Dua hari ini aku menghabiskan waktu di kamar untuk latihan menggerakkan kakiku agar terbiasa seperti semula. Karine sangat telaten dalam merawatku hingga saat ini aku bisa berjalan meski sangat pelan dan agak pincang. Tak apa, itu kemajuan buatku daripada aku hanya duduk diam kehilangan harapan.

Selama dua hari pula saat Karine datang aku melarang Gerald ataupun Mas Wildan menyusulku ke kamar. Aku hanya tidak mau terjadi perang didepanku. Gerald berkali-kali mencoba membujukku agar aku mengizinkannya berbicara pada Karine. Dengan dalih aku cemburu dan marah, aku melarangnya mendekati Karine apapun alasannya. Aku juga menjadi sangat manja pada semua orang di rumah ini. Mas Wildan bahkan sampai heran kenapa aku jadi aneh.

Mereka semua tidak tahu kalau aku menjalankan rencana besar untuk mengungkap siapa pelakunya. Entahlah aku benar atau tidak, tapi instingku jarang meleset. Aku hanya perlu sedikit mengulur waktu untuk ini semua.

Siang ini aku melihat Gerald bersiap untuk pergi. Aku dengan sikap overprotektifku menghampirinya -tentu saja dengan kursi roda- bertanya akan kemana ia.

"Karen ngajak ketemu sekarang,"

"Cuma berdua?"

"Iya."

"Aku ikut,"

"Kamu masih sakit, Diandra"

Aku mengeyel dan memaksa untuk ikut. Tapi tak seperti biasanya, Gerald tegas melarangku saat ini.

"Kalo aku gak boleh ikut, kamu gak boleh pergi."

Ia menghela napas. Aku tahu ia kesal, tapi percayalah aku tidak mau ia kemana-mana saat ini. Aku mau ia menemaniku karena Mas Wildan hari ini menjemput Kak Sarah di bandara yang waktu tempuhnya bisa empat jam dari rumah ini.

"Diandra kamu jangan egois gini dong,"

Aku memaksakan diri turun dari kursi roda. Ia membantuku saat tahu aku hampir terjatuh.

"Hei duduk aja jangan berdiri, kamu mau apa?"

"Aku mau latihan jalan sekarang. Sama kamu,"

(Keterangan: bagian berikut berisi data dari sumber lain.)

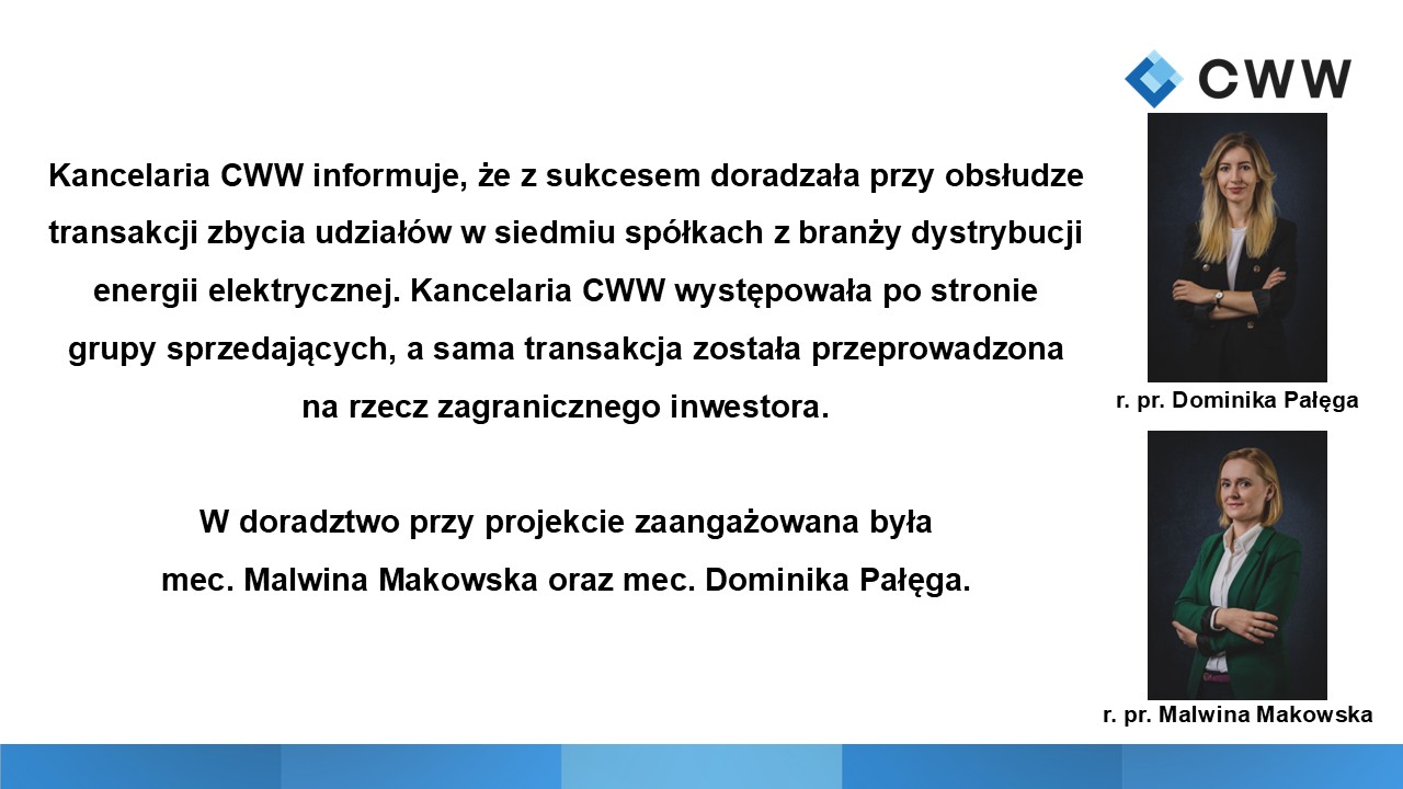 Kancelaria CWW doradzała przy zbyciu spółek OSD
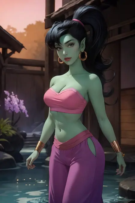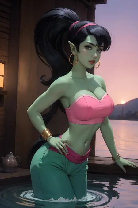 ((green skin)), colored skin, black hair, pointy ears, long hair, ponytail, hoop earrings, breasts, makeup, lipstick, red lips, big hair, very long hair, medium breasts, large breasts, narrow waist, curvy, tall female, high ponytail, hairband, bracelet,
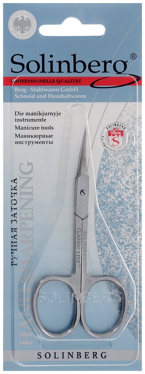 Solinberg Ножницы маникюрные, для кутикулы, загнутые, узкие, 10 см, в блистере, цвет матовый серебристый, 62000/2
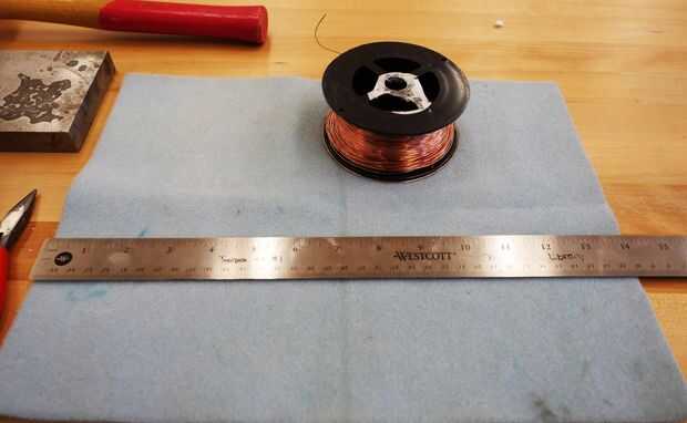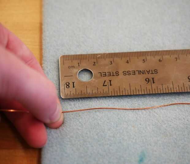 Mida la longitud del cable que se desea trabajar con. Para este proyecto, te recomiendo 18 pulgadas, especialmente si eres una tejedora de alambre primer tiempo. Ayuda a tener alambre extra para trabajar con, por lo que tiene un poco de espacio para respirar. Para proyectos posteriores, puede utilizar menos o más una vez que tengas una idea de cómo tejer afectará la longitud final de su proyecto.

"Kamu jangan rewel gini ah aku mau ada urusan ini sama Karen."

"Aku mau latihan jalan sekarang sama kamu," aku memberi penekanan pada setiap kata yang kuucapkan.

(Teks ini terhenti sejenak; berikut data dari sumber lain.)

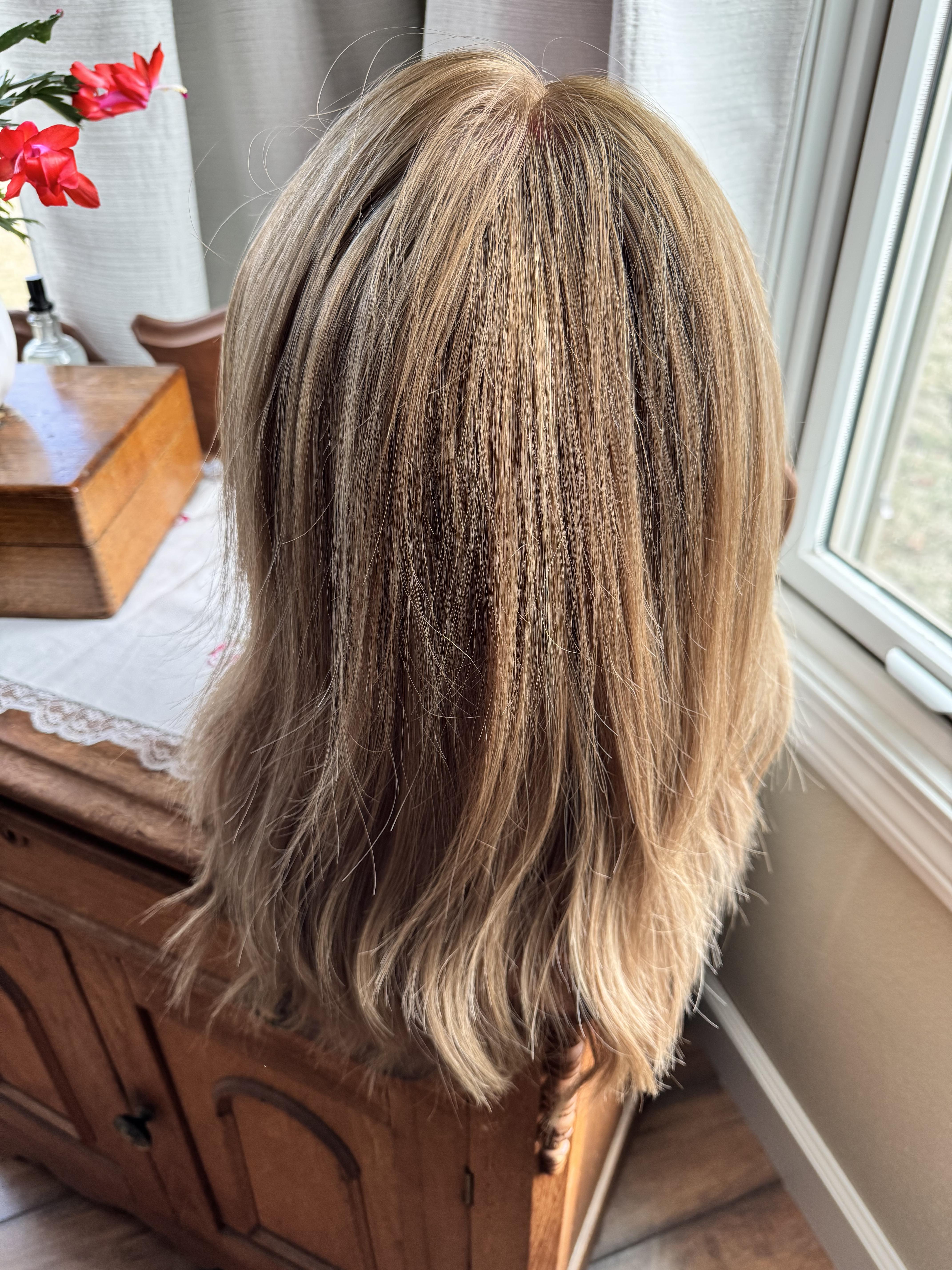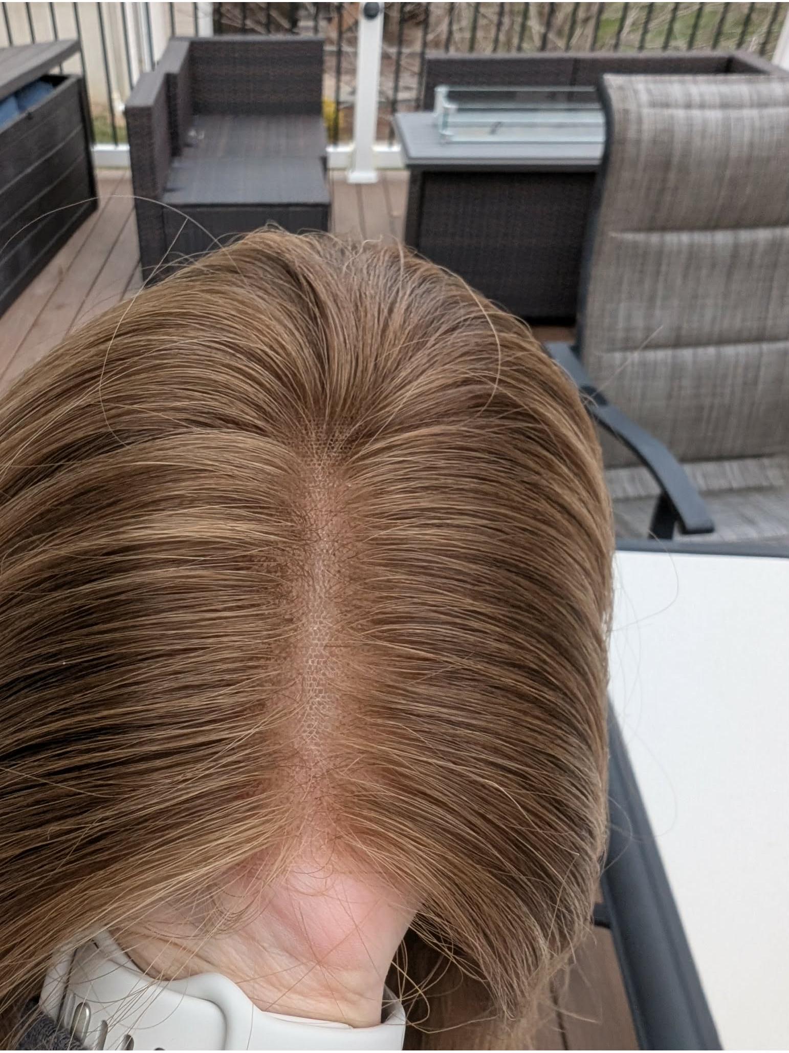 Other: Hair is silky and soft. Lace is cut near hairline with little room for customization. Color has oxidized some. Purchased in 2023 but only worn for special occasions. I am a 22" circumference and this piece fit too small on me.

Kalau Gerald kesal saat ini, itu sudah pasti. Tapi biarlah, aku hanya mau ia menurutiku sekarang.

"Tapi Di,"

"Aku cuma mau ditemenin kamu," entah mengapa air mataku turun saat mengatakan itu.

Gerald kaget melihatku menangis lalu memelukku dengan hati-hati. Ia melempar kunci mobil ke sembarang arah dan mengusap kepalaku dengan pelan.

"I'm here, I'm here" katanya.

Jadilah rencanaku melarang Gerald pergi berhasil. Ia menelepon Karen agar mengundur pertemuannya menjadi besok malam, ia harus menjagaku saat ini karena Mas Wildan sedang pergi. Gerald mendudukkanku kembali di kursi roda lalu berjalan mendorongku keluar rumah agar aku tak bosan.

"Kemana ya Di? Kamu punya saran?"

"Terserah kamu aja," kataku pelan.

"Ikut aku ya, jangan nolak"

Aku mengangguk.

Gerald menghampiri Pak Diman dan mengobrol singkat dengannya. Aku hanya memperhatikan karena tidak bisa mendengar apa yang mereka obrolkan.

"Ayo, Pak Diman udah nyiapin mobil."

"Mau kemana?"

"Kerumahku," katanya sambil tersenyum.